PROVIDED RECORDS
....
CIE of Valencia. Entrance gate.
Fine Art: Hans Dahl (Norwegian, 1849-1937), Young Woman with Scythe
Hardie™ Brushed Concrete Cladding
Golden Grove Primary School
....
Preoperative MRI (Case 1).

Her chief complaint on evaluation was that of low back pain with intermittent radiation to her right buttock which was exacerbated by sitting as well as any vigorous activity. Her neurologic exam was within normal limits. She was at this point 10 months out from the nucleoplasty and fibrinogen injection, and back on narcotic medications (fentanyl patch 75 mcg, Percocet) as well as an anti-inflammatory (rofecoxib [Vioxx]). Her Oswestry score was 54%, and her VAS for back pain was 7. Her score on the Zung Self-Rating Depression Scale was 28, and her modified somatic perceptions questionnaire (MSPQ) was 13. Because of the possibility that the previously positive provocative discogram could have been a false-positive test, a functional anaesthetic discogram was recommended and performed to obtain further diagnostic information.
....
PROBLEM TO WORK ON
Start with the line above that contains "CIE of Valencia. Entrance gate." and end with the line that contains "Golden Grove Primary School". Write out those lines exactly, and only those.

RESPONSE TO THE TASK
CIE of Valencia. Entrance gate.
Fine Art: Hans Dahl (Norwegian, 1849-1937), Young Woman with Scythe
Hardie™ Brushed Concrete Cladding
Golden Grove Primary School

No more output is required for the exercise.